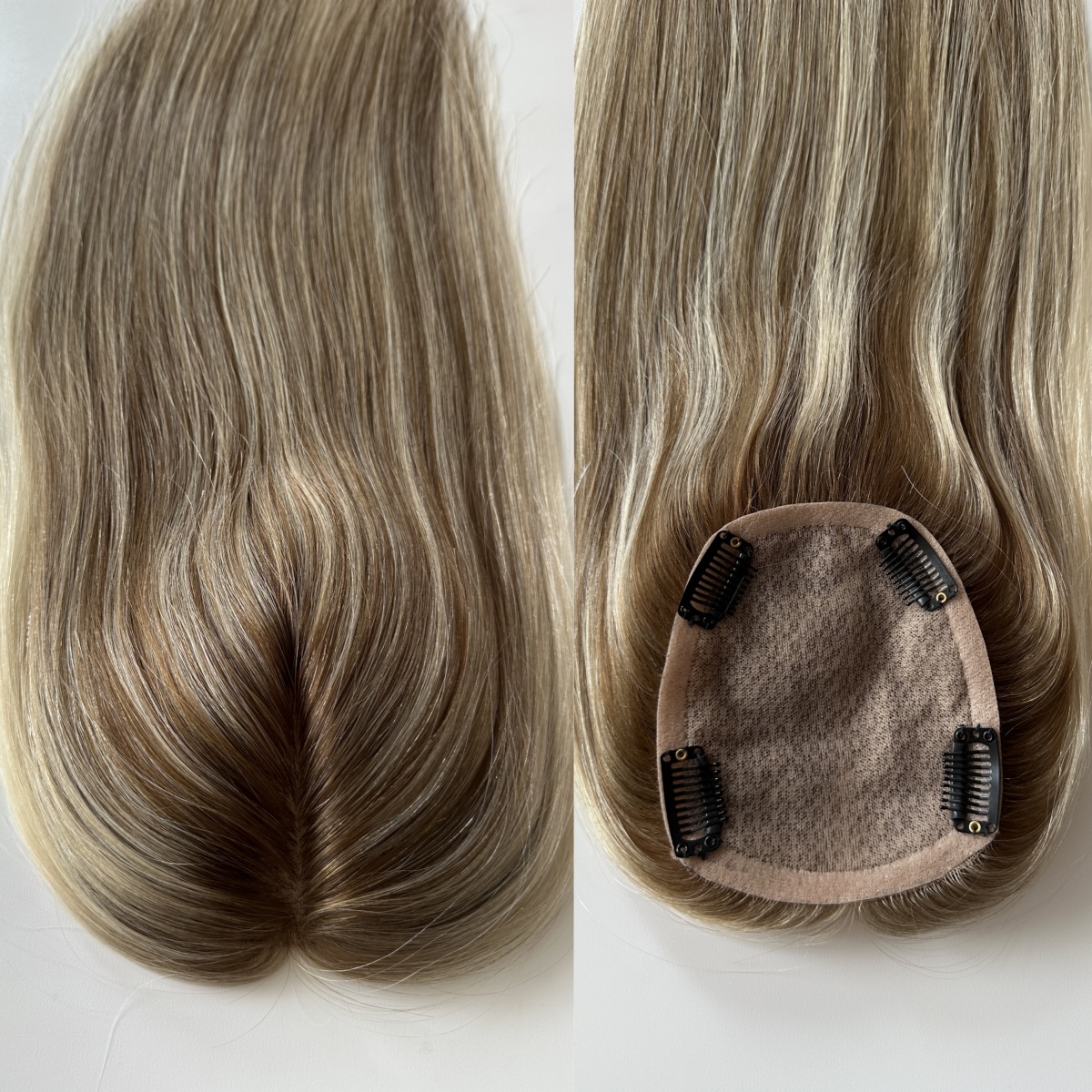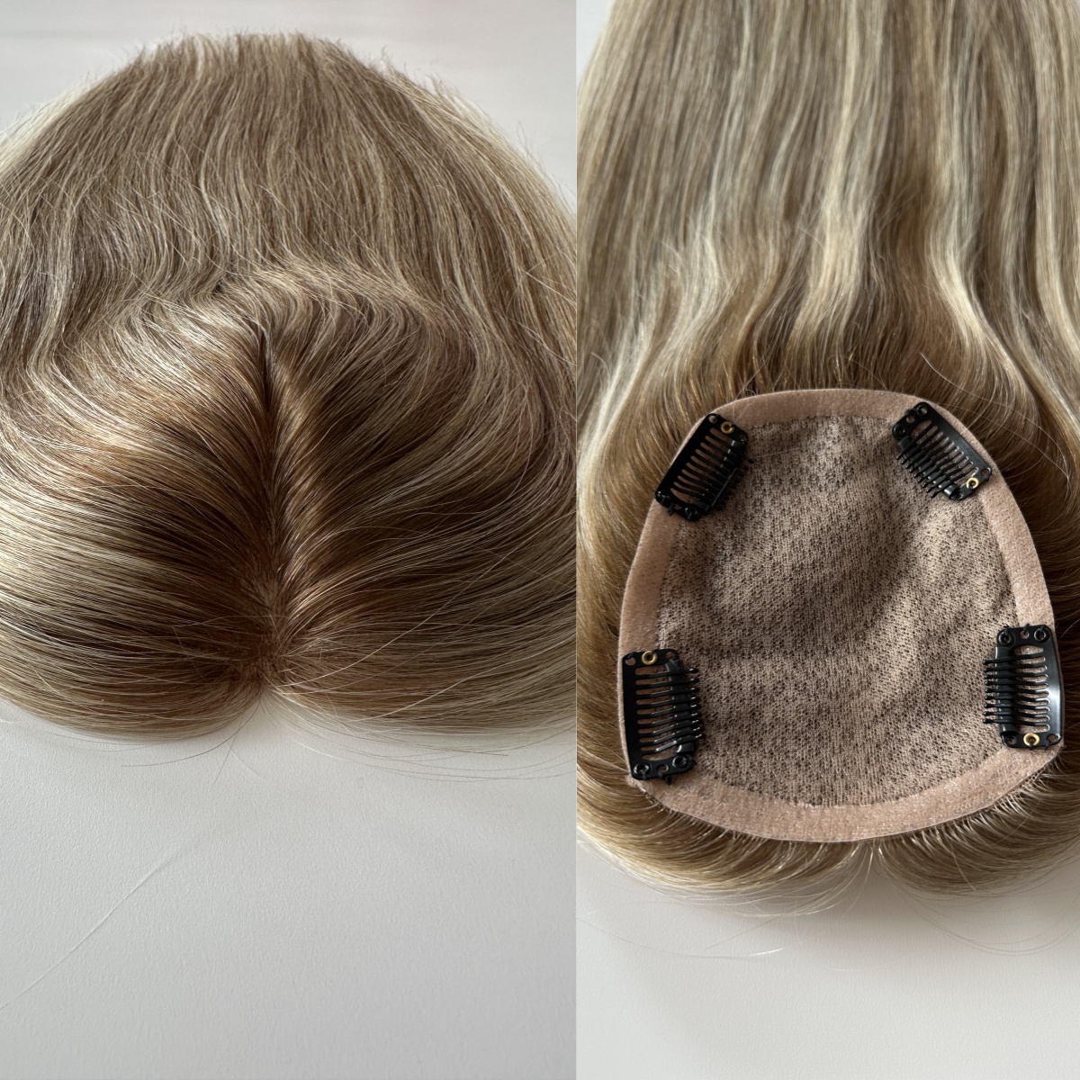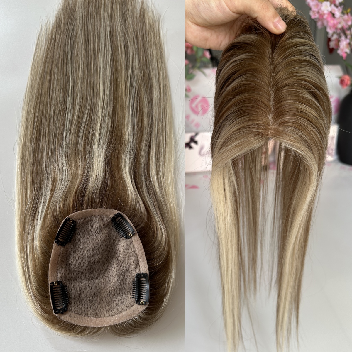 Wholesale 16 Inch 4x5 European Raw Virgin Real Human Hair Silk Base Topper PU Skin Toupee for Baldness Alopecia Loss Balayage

* * *

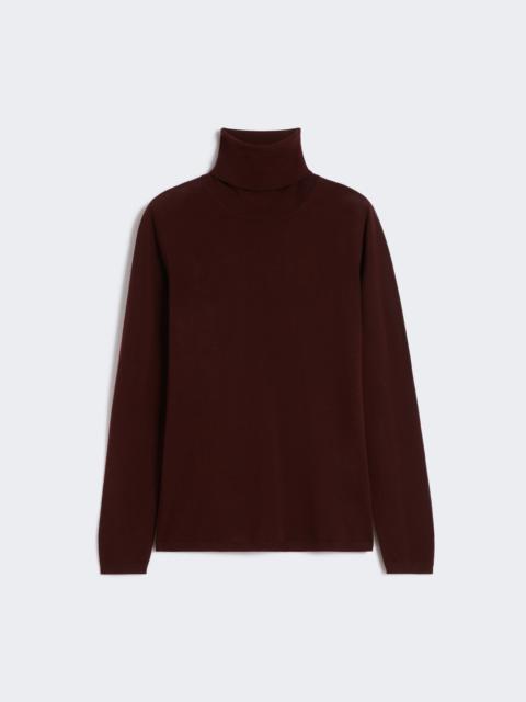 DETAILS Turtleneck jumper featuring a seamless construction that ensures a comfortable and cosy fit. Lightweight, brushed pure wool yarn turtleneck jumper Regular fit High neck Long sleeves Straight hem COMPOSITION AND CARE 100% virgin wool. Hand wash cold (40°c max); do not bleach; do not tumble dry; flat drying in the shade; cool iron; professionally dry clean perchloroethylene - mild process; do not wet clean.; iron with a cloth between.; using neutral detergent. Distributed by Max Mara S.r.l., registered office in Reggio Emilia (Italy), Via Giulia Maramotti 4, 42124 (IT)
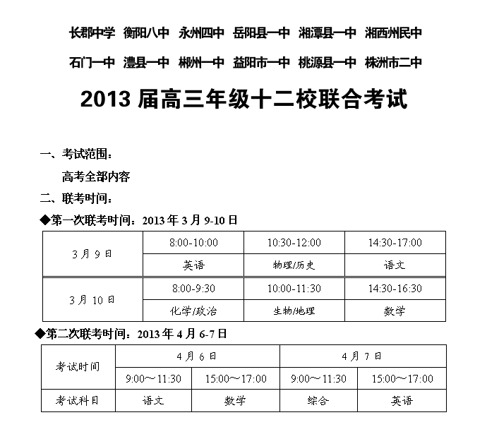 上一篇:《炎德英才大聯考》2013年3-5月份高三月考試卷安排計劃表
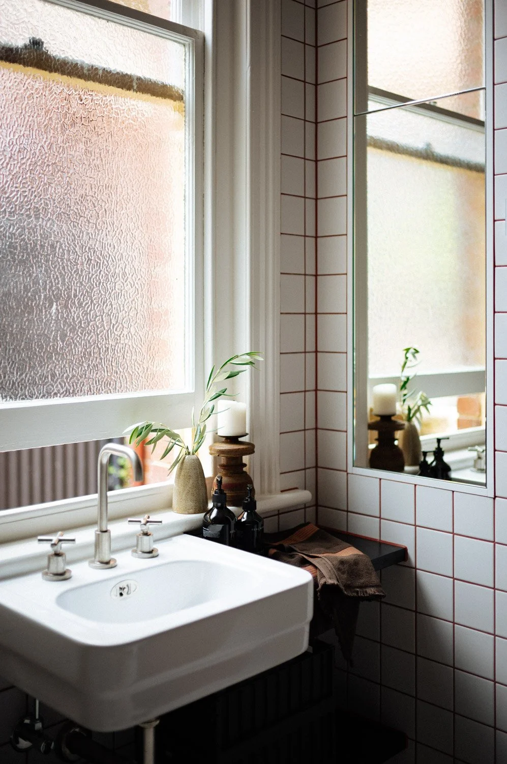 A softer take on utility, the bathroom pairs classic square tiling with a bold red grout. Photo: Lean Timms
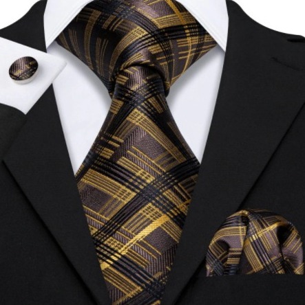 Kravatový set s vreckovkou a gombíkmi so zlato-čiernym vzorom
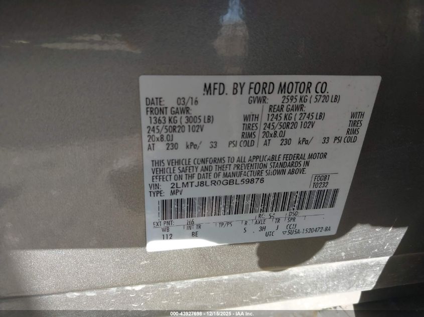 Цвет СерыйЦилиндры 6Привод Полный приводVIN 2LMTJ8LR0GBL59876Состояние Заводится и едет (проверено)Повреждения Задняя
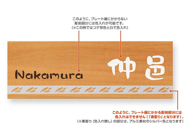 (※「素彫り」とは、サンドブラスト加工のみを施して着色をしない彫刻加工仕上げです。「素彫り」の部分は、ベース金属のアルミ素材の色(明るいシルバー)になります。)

...

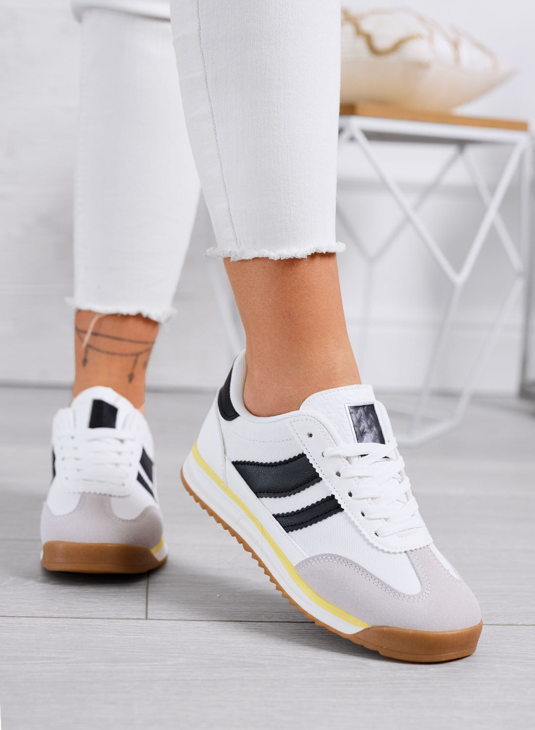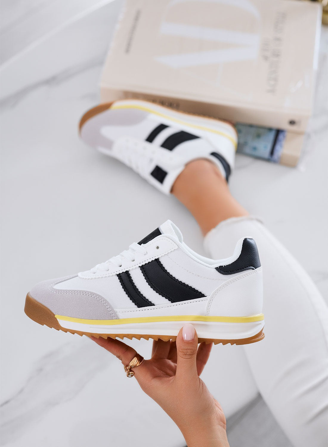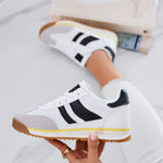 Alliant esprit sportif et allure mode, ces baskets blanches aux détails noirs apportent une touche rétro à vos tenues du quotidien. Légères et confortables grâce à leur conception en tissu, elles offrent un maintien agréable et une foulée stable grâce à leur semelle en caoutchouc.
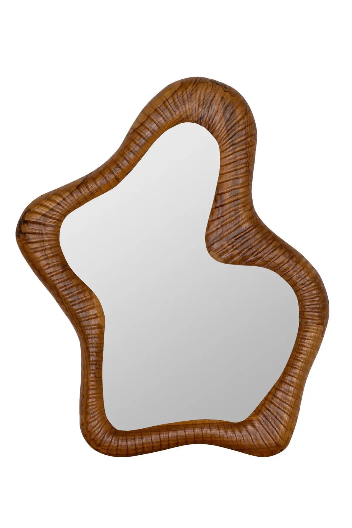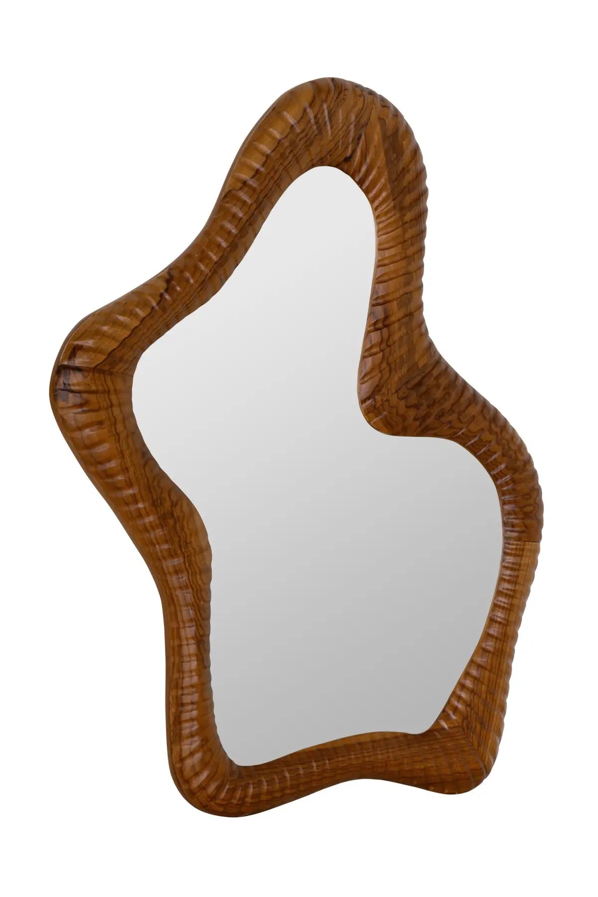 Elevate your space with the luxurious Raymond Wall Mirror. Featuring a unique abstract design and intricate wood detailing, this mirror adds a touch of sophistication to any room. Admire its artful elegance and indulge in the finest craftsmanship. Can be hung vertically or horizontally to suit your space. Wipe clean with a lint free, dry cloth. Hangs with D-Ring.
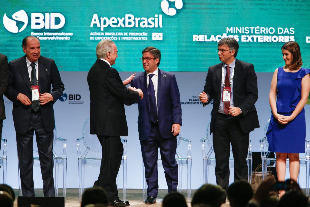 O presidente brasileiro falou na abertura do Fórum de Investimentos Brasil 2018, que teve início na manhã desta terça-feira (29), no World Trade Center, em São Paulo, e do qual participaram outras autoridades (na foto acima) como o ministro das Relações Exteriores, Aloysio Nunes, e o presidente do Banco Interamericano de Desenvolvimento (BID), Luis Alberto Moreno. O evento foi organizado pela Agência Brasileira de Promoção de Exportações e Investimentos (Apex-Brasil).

> [Goal of the exercise] In the records above, find the line with "Alliant esprit sportif" and the line with "Elevate your space". Write out exactly those lines and every one between, with no pictures and no other lines.

> [Expected answer]
 Alliant esprit sportif et allure mode, ces baskets blanches aux détails noirs apportent une touche rétro à vos tenues du quotidien. Légères et confortables grâce à leur conception en tissu, elles offrent un maintien agréable et une foulée stable grâce à leur semelle en caoutchouc.
 Elevate your space with the luxurious Raymond Wall Mirror. Featuring a unique abstract design and intricate wood detailing, this mirror adds a touch of sophistication to any room. Admire its artful elegance and indulge in the finest craftsmanship. Can be hung vertically or horizontally to suit your space. Wipe clean with a lint free, dry cloth. Hangs with D-Ring.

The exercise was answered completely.